Макс
Шрифт:
— И где теперь все это? — думал он. — Вся эта… тоже — жизнь?..
— Ничего, ничего от нее не осталось…
А впрочем… а впрочем, она уже и тогда вдруг отступала от нас, отпускала нас, эта жизнь; и было, скажем, какое-то… за два?.. нет, за три, если не за четыре года до августа утро, совсем-совсем раннее… вновь и вновь он вспоминал его, лежа без сна, в темноте… раннее и совсем раннее утро, когда он, Макс, часов в пять, почему-то, в полшестого, быть может, проснувшись, тихо-тихо… все еще спали… вышел из дому и… через заднюю, в глухом заборе, калитку… в уже пронизанный встававшим за деревьями солнцем, блеском росы, пеньем птиц переполненный лес.

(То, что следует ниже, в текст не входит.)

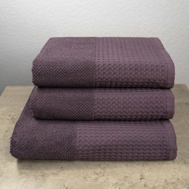 Комплект махрових рушників Вафельний Бордюр 3шт GM Textile 50х90см, 50х90см, 70х140см 500г/м2 (Виноград)
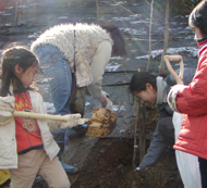 東名高速道路ののり面に植樹する参加者
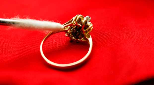 - отшлифовать или отполировать поверхность ювелирного изделия можно с помощью фланели или сукна. Как правило это делают после чистки зубной щеткой или нашатырным спиртом либо же для того чтобы попросту убрать пыль с украшения, которая накопилась на нем за день. Также для более глубокой чистки можно использовать спирт или водку. Изделие протирают фланелью либо тампоном предварительно смочив ткань жидкостью. Для чистки трудно доступных мест ювелирного украшения можно воспользоваться ватной палочкой, предварительно смоченной в жидкости;
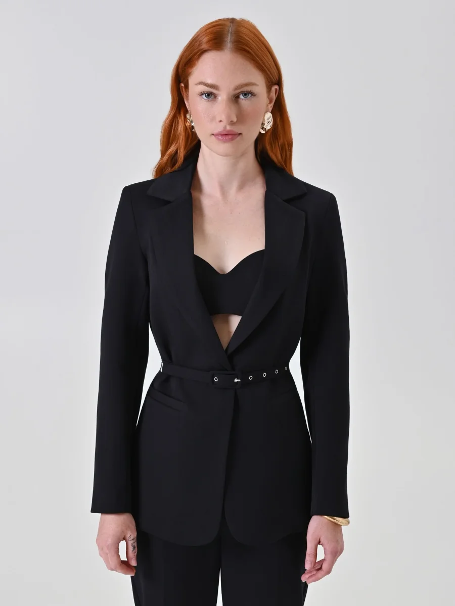 Soyez le premier à laisser votre avis sur “Giacca sfiancata nera con cintura”

Он был совершенно счастлив, он очень хорошо это помнил. Он шел, чуть вздрагивая от холода, все дальше, по мокрой траве; он остановился вдруг на краю уже много раз упомянутой мною поляны; он увидел, через поляну, уже много раз упомянутый мною дуб: с раздвоенным внизу стволом: два дуба, если угодно, сросшиеся у самого основания. И в том месте, где срастались они, можно было (и до сих пор… неужели до сих пор можно?..) сидеть: прислонясь к одному стволу, например, упираясь ногами в другой… и я (теперь здесь живущий…) — я очень часто сидел там, я помню, читая что-нибудь, ничего не читая; он тоже; но: как будто впервые увидел он этот дуб, совершенно
Со всех сторон окружала его эта жизнь, лишь изредка, совсем редко от него отступавшая: меня тоже, конечно: и даже так, может быть, как никакая последующая не окружала ни его, ни меня; мы не принадлежим себе в детстве, сказал он мне однажды (в ту зиму…); мы почти совпадаем с нашей жизнью (сказал он…): со всеми ее отношениями, страстями и ссорами: владеющей нами.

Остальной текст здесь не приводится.